Data excerpts:
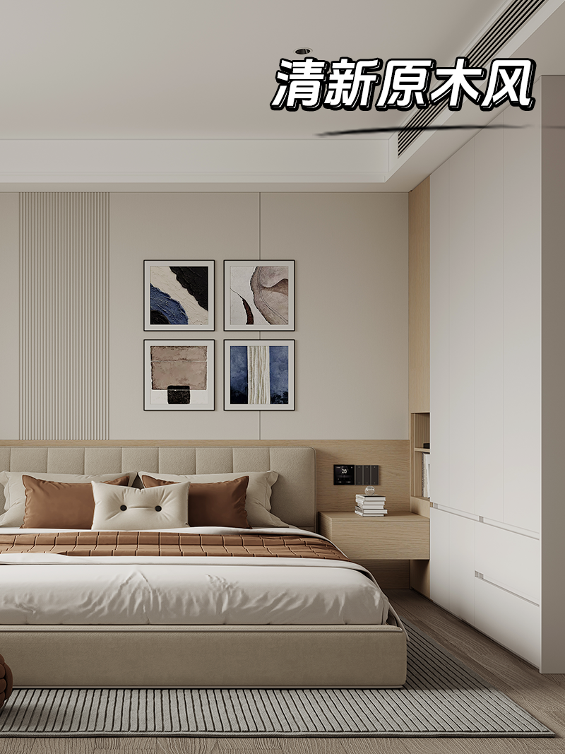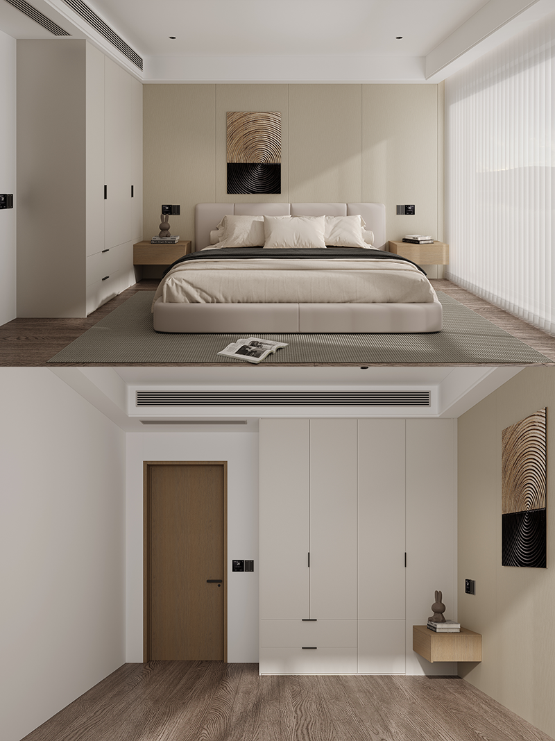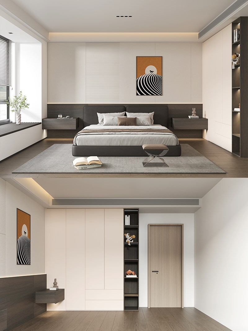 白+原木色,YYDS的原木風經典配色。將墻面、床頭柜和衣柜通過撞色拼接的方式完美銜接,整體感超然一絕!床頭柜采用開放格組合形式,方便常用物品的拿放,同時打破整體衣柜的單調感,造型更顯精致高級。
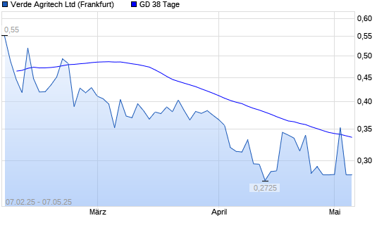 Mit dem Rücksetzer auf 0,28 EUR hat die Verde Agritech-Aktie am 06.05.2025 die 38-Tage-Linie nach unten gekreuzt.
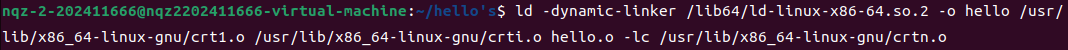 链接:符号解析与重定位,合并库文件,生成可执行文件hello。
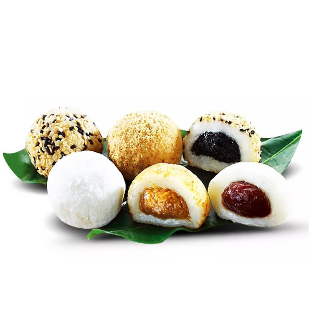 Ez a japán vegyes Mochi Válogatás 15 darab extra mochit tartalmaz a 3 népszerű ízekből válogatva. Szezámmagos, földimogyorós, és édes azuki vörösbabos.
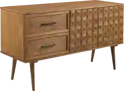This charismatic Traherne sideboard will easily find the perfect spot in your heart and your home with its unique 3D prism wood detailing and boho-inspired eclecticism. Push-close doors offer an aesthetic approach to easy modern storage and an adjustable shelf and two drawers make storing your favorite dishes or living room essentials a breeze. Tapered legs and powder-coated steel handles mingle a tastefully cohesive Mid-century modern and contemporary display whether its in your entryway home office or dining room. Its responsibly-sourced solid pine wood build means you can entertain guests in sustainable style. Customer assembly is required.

## TASK DETAILS
With images omitted, retype the data word for word.

## ANSWER SECTION
 白+原木色,YYDS的原木風經典配色。將墻面、床頭柜和衣柜通過撞色拼接的方式完美銜接,整體感超然一絕!床頭柜采用開放格組合形式,方便常用物品的拿放,同時打破整體衣柜的單調感,造型更顯精致高級。
 Mit dem Rücksetzer auf 0,28 EUR hat die Verde Agritech-Aktie am 06.05.2025 die 38-Tage-Linie nach unten gekreuzt.
 链接:符号解析与重定位,合并库文件,生成可执行文件hello。
 Ez a japán vegyes Mochi Válogatás 15 darab extra mochit tartalmaz a 3 népszerű ízekből válogatva. Szezámmagos, földimogyorós, és édes azuki vörösbabos.
This charismatic Traherne sideboard will easily find the perfect spot in your heart and your home with its unique 3D prism wood detailing and boho-inspired eclecticism. Push-close doors offer an aesthetic approach to easy modern storage and an adjustable shelf and two drawers make storing your favorite dishes or living room essentials a breeze. Tapered legs and powder-coated steel handles mingle a tastefully cohesive Mid-century modern and contemporary display whether its in your entryway home office or dining room. Its responsibly-sourced solid pine wood build means you can entertain guests in sustainable style. Customer assembly is required.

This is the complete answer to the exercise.